*** Material for this exercise ***

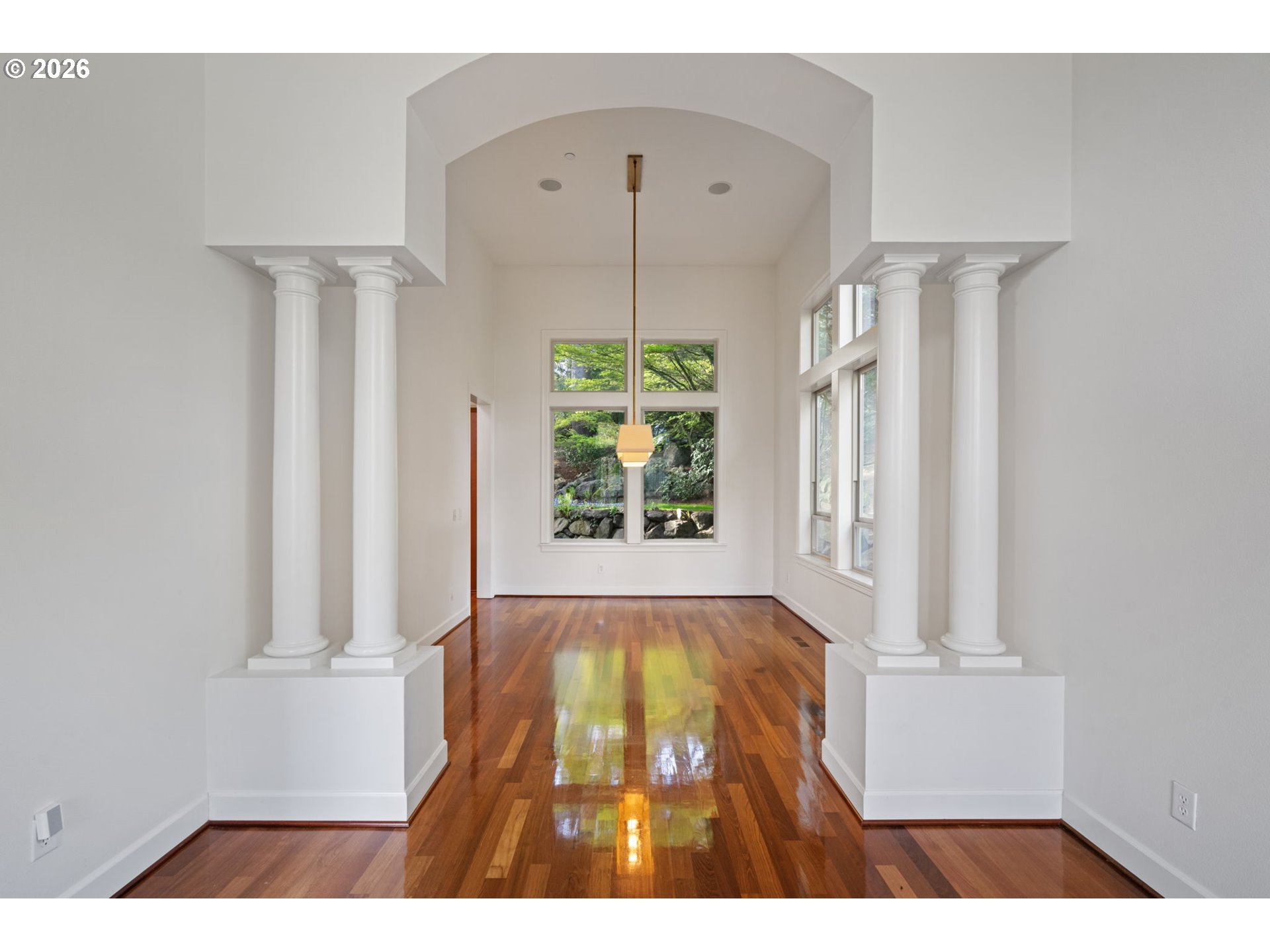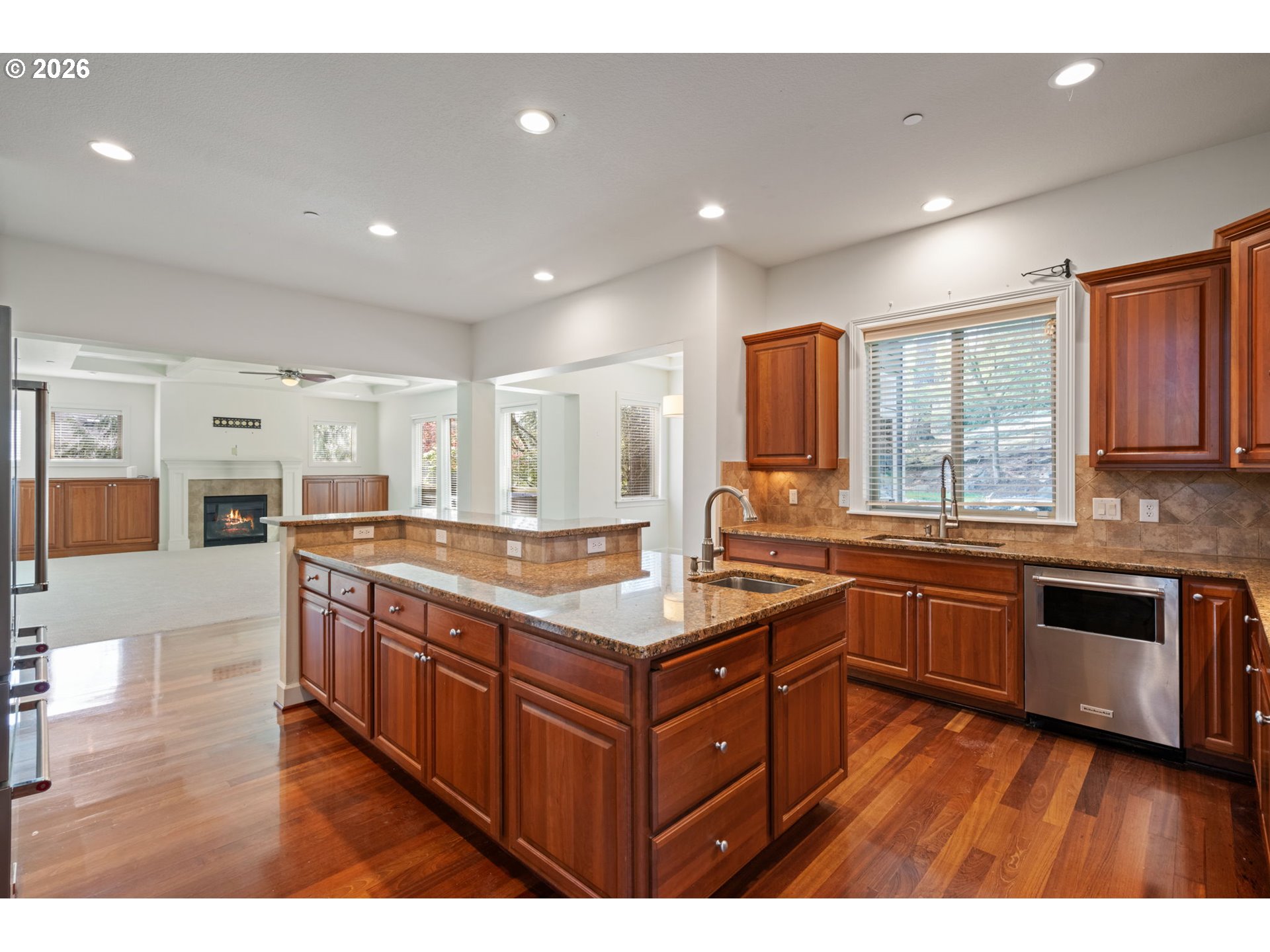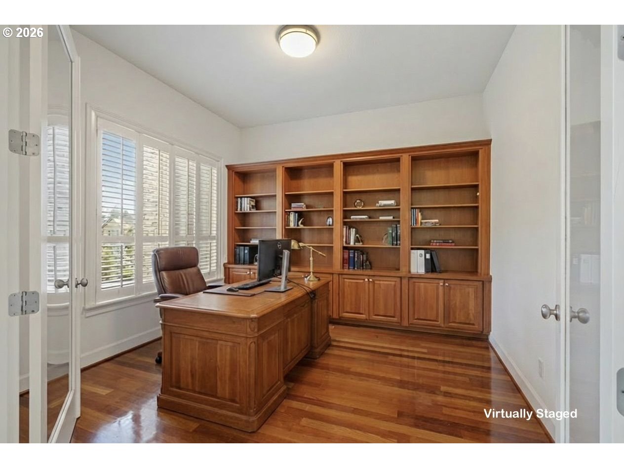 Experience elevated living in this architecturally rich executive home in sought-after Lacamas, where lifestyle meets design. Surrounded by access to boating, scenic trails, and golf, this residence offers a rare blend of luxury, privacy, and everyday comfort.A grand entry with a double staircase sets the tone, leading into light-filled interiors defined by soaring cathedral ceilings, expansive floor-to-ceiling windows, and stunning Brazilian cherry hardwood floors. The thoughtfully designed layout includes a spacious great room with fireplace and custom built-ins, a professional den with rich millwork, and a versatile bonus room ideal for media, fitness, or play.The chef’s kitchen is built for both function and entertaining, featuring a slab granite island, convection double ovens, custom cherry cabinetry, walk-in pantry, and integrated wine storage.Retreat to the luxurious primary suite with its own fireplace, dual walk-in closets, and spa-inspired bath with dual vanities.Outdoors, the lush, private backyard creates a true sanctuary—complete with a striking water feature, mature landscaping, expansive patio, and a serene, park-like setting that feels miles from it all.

***
*** Material for this exercise ***

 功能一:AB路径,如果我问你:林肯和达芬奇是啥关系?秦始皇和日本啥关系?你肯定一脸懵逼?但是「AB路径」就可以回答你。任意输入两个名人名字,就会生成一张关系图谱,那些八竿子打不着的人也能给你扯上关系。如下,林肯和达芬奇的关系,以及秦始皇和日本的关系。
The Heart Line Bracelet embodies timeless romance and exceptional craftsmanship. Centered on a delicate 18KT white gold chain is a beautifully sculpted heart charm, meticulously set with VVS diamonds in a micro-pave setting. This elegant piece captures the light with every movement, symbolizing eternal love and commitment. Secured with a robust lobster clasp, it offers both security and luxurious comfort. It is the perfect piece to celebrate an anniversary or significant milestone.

***
*** Material for this exercise ***

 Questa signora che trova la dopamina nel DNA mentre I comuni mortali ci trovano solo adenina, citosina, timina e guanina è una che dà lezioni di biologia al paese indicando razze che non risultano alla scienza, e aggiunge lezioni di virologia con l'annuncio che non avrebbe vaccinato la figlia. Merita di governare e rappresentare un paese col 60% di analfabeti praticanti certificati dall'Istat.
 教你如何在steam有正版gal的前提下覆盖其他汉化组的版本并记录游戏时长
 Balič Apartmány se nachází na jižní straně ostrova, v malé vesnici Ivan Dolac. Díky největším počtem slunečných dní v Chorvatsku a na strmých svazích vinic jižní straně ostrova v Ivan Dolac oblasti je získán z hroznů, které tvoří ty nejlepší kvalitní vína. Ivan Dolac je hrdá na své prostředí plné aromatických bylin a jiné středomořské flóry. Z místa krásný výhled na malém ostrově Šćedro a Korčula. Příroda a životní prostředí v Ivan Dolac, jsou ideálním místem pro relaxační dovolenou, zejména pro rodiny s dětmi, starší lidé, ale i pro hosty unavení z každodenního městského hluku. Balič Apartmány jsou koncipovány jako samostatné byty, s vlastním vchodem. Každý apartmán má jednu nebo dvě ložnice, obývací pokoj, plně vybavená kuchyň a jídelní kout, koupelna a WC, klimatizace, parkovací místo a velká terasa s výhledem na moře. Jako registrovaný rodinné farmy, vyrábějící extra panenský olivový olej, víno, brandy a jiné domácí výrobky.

***

▶ **Work item**
Every line above from the line with "功能一:AB路径,如果我问你" to the line with "The Heart Line" is wanted, ends included; write them out exactly and add no other line.

▶ **Exercise output**
 功能一:AB路径,如果我问你:林肯和达芬奇是啥关系?秦始皇和日本啥关系?你肯定一脸懵逼?但是「AB路径」就可以回答你。任意输入两个名人名字,就会生成一张关系图谱,那些八竿子打不着的人也能给你扯上关系。如下,林肯和达芬奇的关系,以及秦始皇和日本的关系。
The Heart Line Bracelet embodies timeless romance and exceptional craftsmanship. Centered on a delicate 18KT white gold chain is a beautifully sculpted heart charm, meticulously set with VVS diamonds in a micro-pave setting. This elegant piece captures the light with every movement, symbolizing eternal love and commitment. Secured with a robust lobster clasp, it offers both security and luxurious comfort. It is the perfect piece to celebrate an anniversary or significant milestone.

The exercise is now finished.